Printmaker Lisa Bulawsky is known not just for her prints but also for her generous art installations.
One of her public projects — a “mobile exhibition” called Blindspot Galleries — involved her driving a Ford minivan that was stuck all over with handmade magnets. At stops, she encouraged people to snag a free magnet. “I think of the art I leave behind as a gifting,” she said at a recent talk at Bowdoin.
Bulawsky, an associate professor of art at the Sam Fox School of Design and Visual Arts in St. Louis, was this semester’s visiting printmaker for the Marvin Bileck Printmaking Project, sponsored by the Marvin Bileck and Emily Nelligan Trust. Each semester, Bowdoin invites a printmaker to campus for one week to produce prints with help from current printmaking students (watch a video of students working with the last spring’s visiting printmaker Susan Groce). The artist also gives a talk to the community.

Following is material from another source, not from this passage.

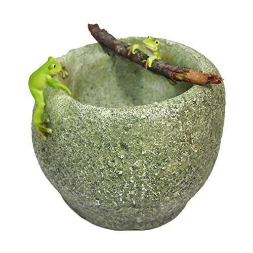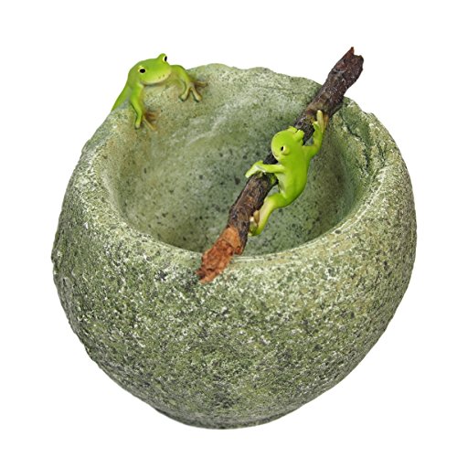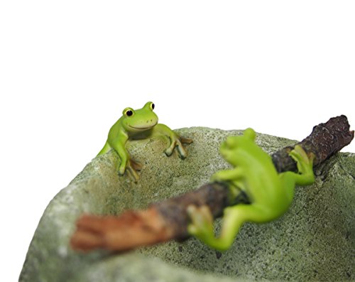 プランタの縁にカエルが一匹。枝に掴まるカエルがもう一匹。枝は取り外し可能です。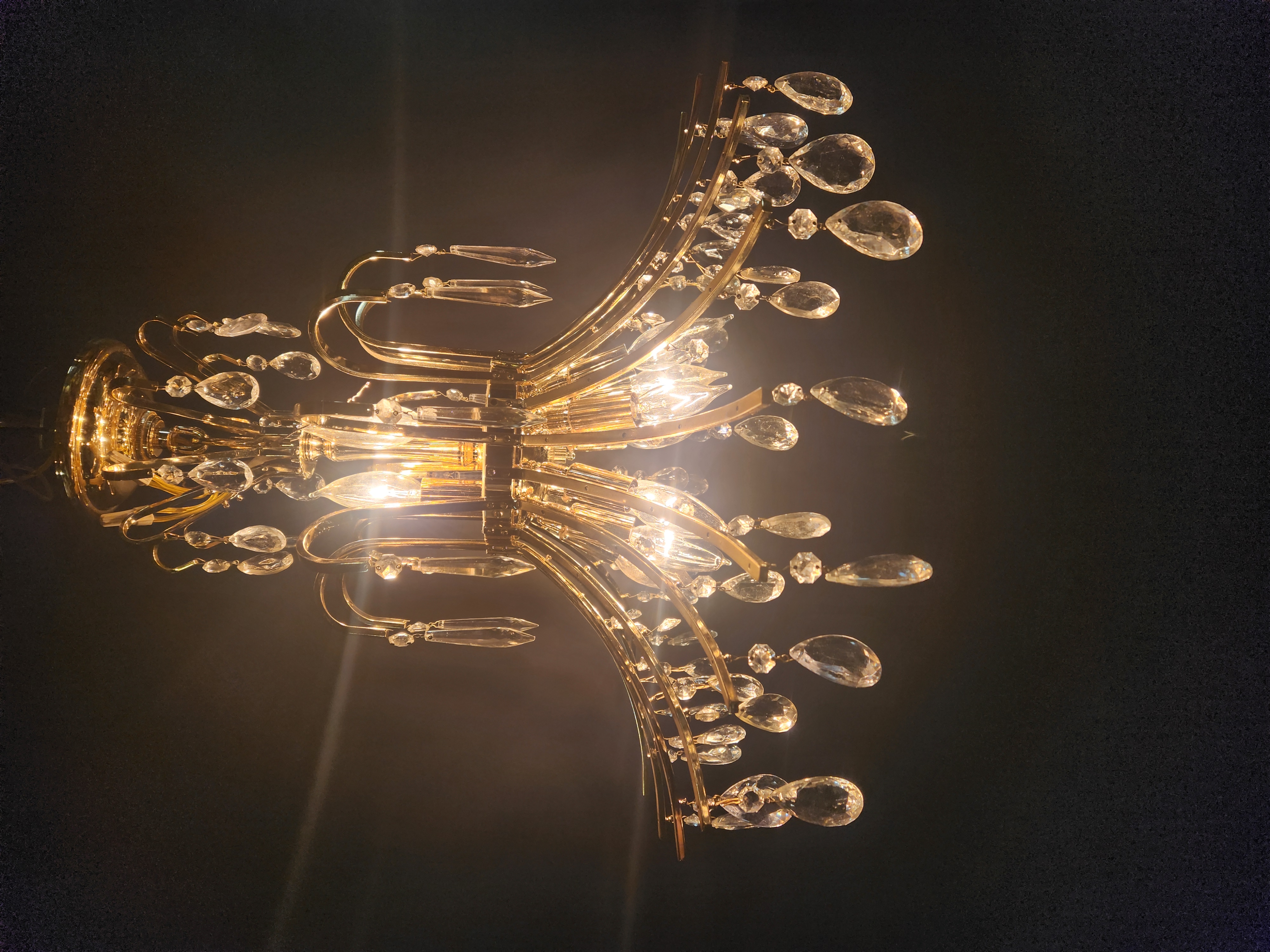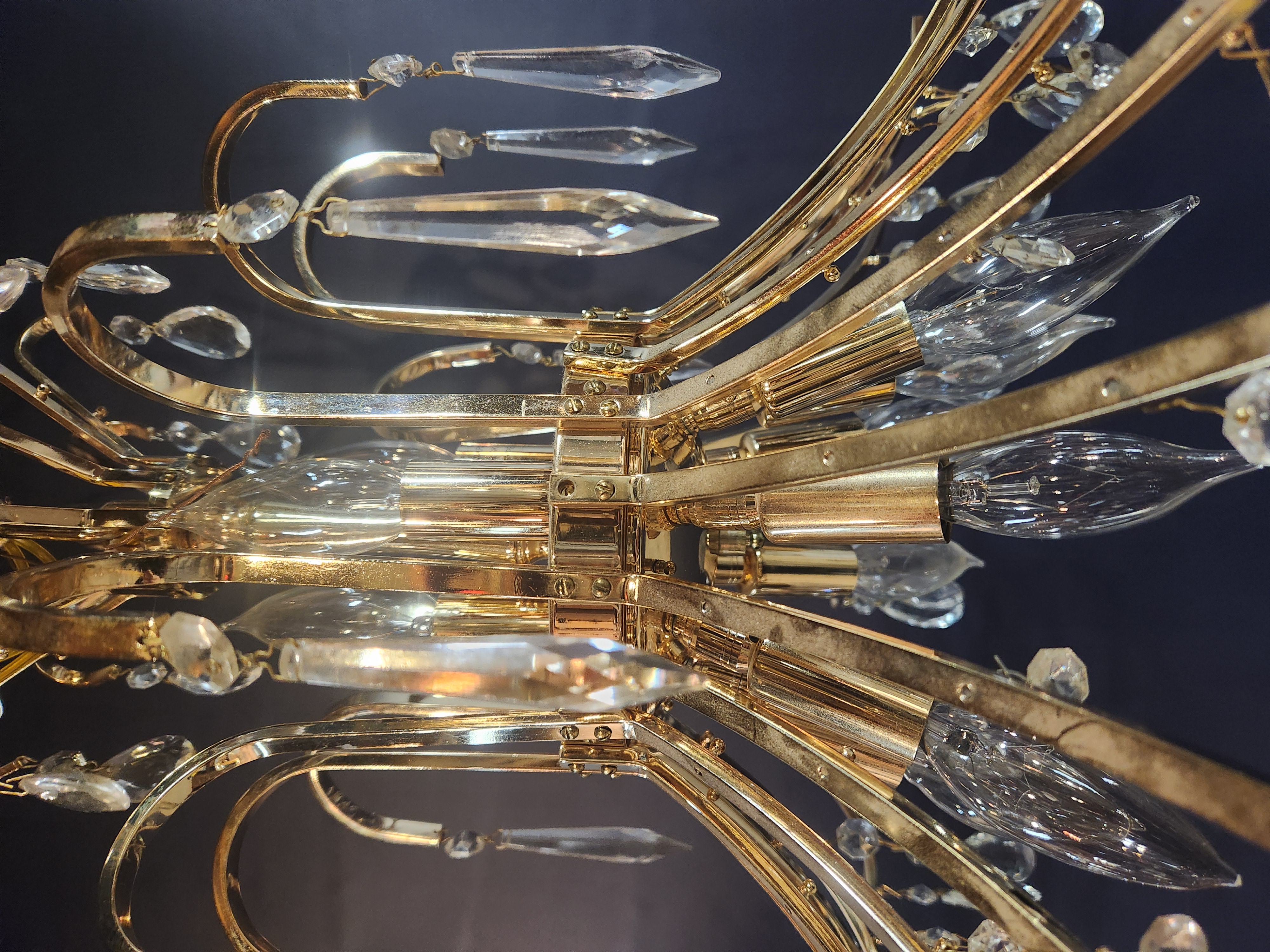 Contemporary crystal chandelier with 11 bulbs. The crystals it has are not original and it is in fair condition. Lights up beautifully with a brassy finish. Measures 21.75 x 20.

In her campus talk, Bulawsky said she has boiled down the philosophy of printmaking into three parts: the matrix, the mark and the multiple. The matrix is the plate on which the print is born. The mark is its impression, a recording of history. The multiple represents the multiplicity of prints, the generosity and exchange of art that prints foster.
Bulawsky described several of her pieces, explaining their origin and the process of making them. One of her paper works, Flashbulb Memories, took the form of a mixed media series in which she overlapped her personal memories with current events, exploring “the relationship between personal and cultural versions of history.” On her website, she explains, “The images become personalized homages to some of the most significant and idiosyncratic moments of the last four decades, among them the shootings at Kent State in 1970 and the death of Elvis Presley in 1977.”
Bulawsky made another public installation, “We Belong to the Dead,” to also serve as a memorial of sorts. She first asked Facebook users to create and post a portrait of their favorite dead artist. After collecting portraits of Johnny Cash, Albrecht Durer, Dennis Hopper and many others, she printed 6,000 copies of each portrait and attached them to stakes that were stuck in the ground throughout Minneapolis. Like the magnets, she hoped passers-by would pull up the stakes to take a print home.
“One of the exciting, exhilarating things about doing unsanctioned art is that you don’t know what’s going to happen,” she said.